Il faisait allusion à de minuscules sphères rougeâtres en formation régulière. Encore difficiles à percevoir, elles grossissaient régulièrement. L’obscurité était maintenant zébrée de fines stries blanchâtres, sans origine ni sens. On les remarquait à peine car la nuit n’était pas encore très dense.
— Maintenant je les vois, dit Nissim d’une voix tremblante. Père, vous ne manifestez aucune peur. Vous êtes tellement impassible qu’on a du mal à vous croire humain.
Eymerich afficha un air amusé.
— C’est ma posture de combat. Je sais que Dieu est avec moi. Ceux qui sont en train de m’attaquer ne peuvent pas en dire autant. Prépare-toi à assister à des événements spectaculaires. Apprécie-les comme une mise en scène de jongleurs.
Les disques lumineux grossirent et convergèrent à toute vitesse sur Mussomeli. Ils étaient de forme ovale et de couleur rouge, vif au centre, orangé sur les bords. Ils rompirent la formation triangulaire et se dispersèrent le long des stries blanchâtres en dégageant de la chaleur.
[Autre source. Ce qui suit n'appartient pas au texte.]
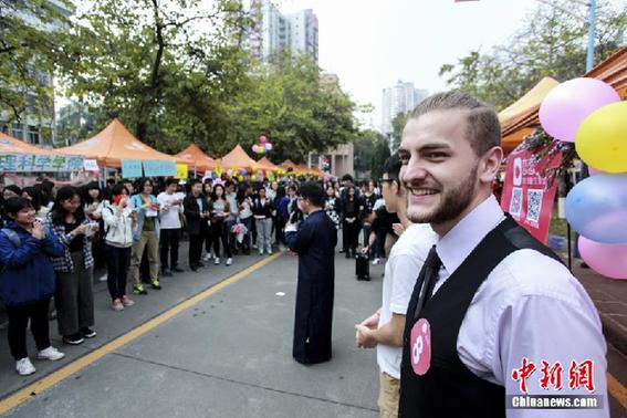 3月6日,华南师范大学的俄罗斯留学生乐天参加“女生节”的“竞拍男生”活动。当日,华南师范大学在校园内举办“竞拍男生”等活动庆祝“女生节”,女学生通过虚拟货币“竞拍男生”,与心仪的男学生互动。中新社记者王庆然 摄
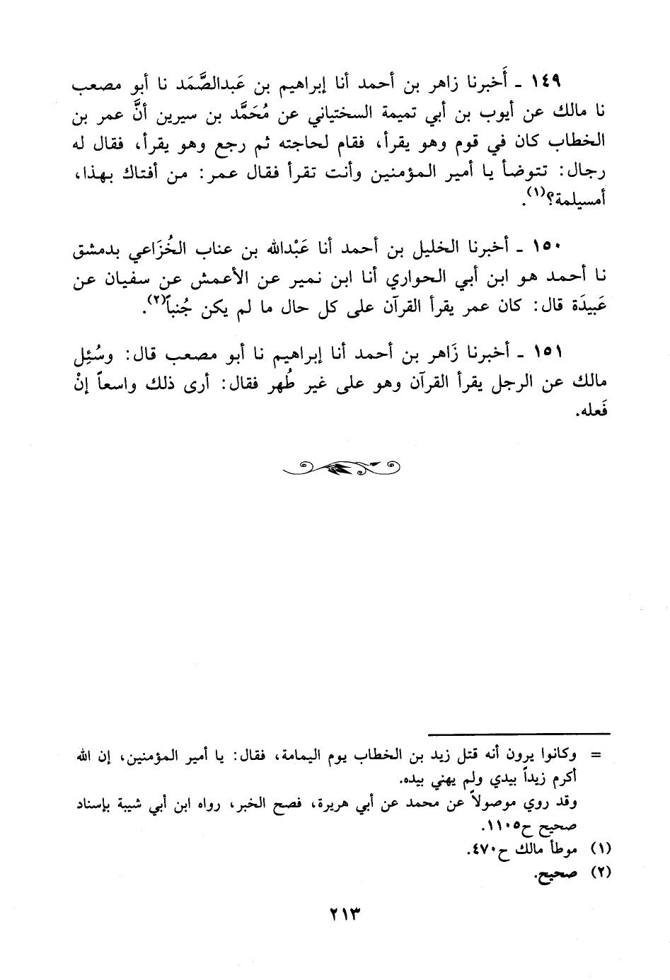 149- أخبرنا زاهر بن أحمد، أخْبَرَنا إبراهيم بن عبد الصمد، حَدَّثَنا أبو مصعب، حَدَّثَنا مالك عن أيوب بن أبي تميمة السختياني عن محمد بن سيرين أن عمر بن الخطاب كان في قوم وهو يقرأ فقام لحاجته ثم رجع وهو يقرأ فقال له رجال: تتوضأ ياأمير المؤمنين وأنت تقرأ فقال عمر: من أفتاك بهذا أمسيلمة؟.
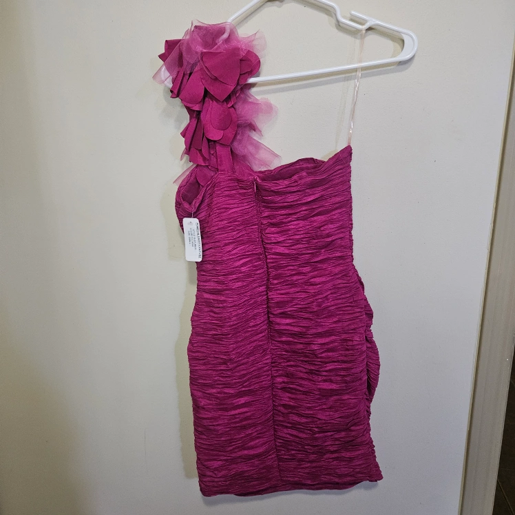 Selling a Romeo & Juliet Couture dress in a vibrant fuchsia colour! It's a size small and features a unique one-shoulder design with floral detailing. Perfect for a night out or special occasion!
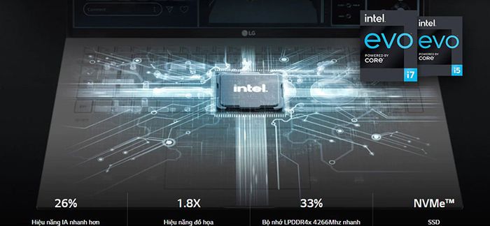 Laptop LG Gram đạt chứng chỉ nền tảng Intel Evo với bộ đôi xử lí Intel Core i5 Gen 11 và card đồ họa tích hợp Intel Iris Xe cho tốc độ xử lí nhanh, tối ưu hiệu quả làm việc, phát trực tuyến mượt mà. Card đồ họa Intel Iris Xe Graphics đời mới này mang đến hiệu suất đồ hoạ ấn tượng, nâng hiệu năng đồ họa lên 1.8X lần so với bản tiền nhiệm.
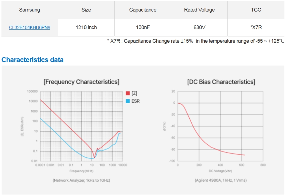 ? 三星電機正在不斷擴大小型,高壓,高容值MLCC的line-up。本產品在1210 inch、X7R、630V line-up中,將容值擴大到了100nF, 滿足 xEV (OBC、DC-DC Converter 等) 應用的小型化、高效率特性要求。

Sur les remparts, les sentinelles se mirent à crier. D’autres hurlements parvinrent de l’intérieur du château. Une foule terrorisée se pressa pour sortir et se regroupa dans la cour, nimbée d’une lumière rouge. Certains sombraient dans la folie, agitaient les bras, écumaient de bave sur les pavés comme des épileptiques.
Les disques, silencieux, finirent par se regrouper en une nouvelle formation en triangle. Ils n’adoptèrent aucune attitude offensive, se contentant de répandre leur lumière vermeille.